Introducing the draft bill, Energy Minister Stephen Timms, said:

"The completion of the clean up programme may well take over a hundred years but we have to grasp the nettle now and this draft legislation is a major step towards dealing with the challenges ahead."

The draft bill is published in conjunction with explanatory notes, a draft Memorandum of Understanding between the NDA and the Regulators and a draft Management Statement. The closing date for comments on the draft documents is Tuesday 16 September 2003.

If, following the consultation process, Scottish provisions on devolved matters, (covering the accountability of the NDA to Scottish Ministers and the Scottish Parliament and amendments to radioactive substances legislation),are included in the Bill which is introduced at Westminster, a further Memorandum will be submitted and the Scottish Parliament will be invited to agree by means of a Sewel motion that the UK Parliament should consider these provisions.

The UK Government announced its intention to radically change its arrangements for nuclear clean up in the White Paper Managing the Nuclear Legacy - a strategy for action, published in July 2002. The white paper, prepared with the full involvement of the Scottish Executive and the other devolved administrations, set out proposals for a new authority to deal initially with the historic liabilities already funded by the taxpayer, which represent 85% of the total UK nuclear liabilities.
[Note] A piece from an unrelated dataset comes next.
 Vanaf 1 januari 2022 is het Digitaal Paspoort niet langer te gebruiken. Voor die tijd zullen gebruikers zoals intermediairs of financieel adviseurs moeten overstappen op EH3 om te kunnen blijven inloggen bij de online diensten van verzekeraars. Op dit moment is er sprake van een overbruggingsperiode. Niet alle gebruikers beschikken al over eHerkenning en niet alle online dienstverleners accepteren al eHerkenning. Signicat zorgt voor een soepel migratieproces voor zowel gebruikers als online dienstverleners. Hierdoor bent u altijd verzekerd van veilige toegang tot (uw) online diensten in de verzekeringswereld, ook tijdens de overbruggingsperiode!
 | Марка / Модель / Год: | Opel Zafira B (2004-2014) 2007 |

Subject to the agreement of the Scottish Parliament, the NDA will have functions which relate to both reserved and devolved matters and so will be similar to cross border authorities designated under the terms of the Scotland Act 1998. Amendments will be made to the draft Bill prior to introduction to reflect this and the responsibilities which the Scottish Ministers will have in relation to the operation of the NDA. Amendments will also be made to ensure accountability, where appropriate, to the Scottish Parliament as well as to Westminster. The draft bill and accompanying documents should be read against this background.
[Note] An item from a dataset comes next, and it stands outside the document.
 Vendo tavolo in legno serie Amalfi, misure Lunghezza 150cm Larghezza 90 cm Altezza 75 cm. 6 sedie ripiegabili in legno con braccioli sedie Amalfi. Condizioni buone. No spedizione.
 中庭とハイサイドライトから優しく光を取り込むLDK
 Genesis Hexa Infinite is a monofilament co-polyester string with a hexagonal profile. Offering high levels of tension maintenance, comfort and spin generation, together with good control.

The NDA will be responsible for the clean up of the nuclear installations currently managed by BNFL and the UK Atomic Energy Authority (UKAEA). Those managed by UKAEA include: Dounreay, Windscale, Harwell and Winfrith. The installations managed by BNFL - the Magnox stations - are: Wylfa, Oldbury, Sizewell A, Dungeness A, Hinkley Point A, Bradwell, Hunterston A, Trawsfynydd, Berkeley and Chapelcross.

It is anticipated the NDA will be operational by April 2005.

At 31 March 2002 the total estimated undiscounted cost was £47.9 billion. This expenditure will cover the decommissioning and eventual demolition of irradiated plant and buildings; the processing, storage and final disposal of nuclear wastes; and carrying out any necessary environmental restoration. Annual expenditure is expected to be well over £1 billion in each of the next 10-15 years.

Once the NDA is operational, it will put site management responsibilities on a proper contractual basis, with appropriate performance targets and incentives. Contracts will be placed initially with BNFL and UKAEA but, over time, contracts could be placed with third parties following competitive tenders. Any change in site management arrangements would be made only after full consultation with the nuclear regulators and local stakeholders.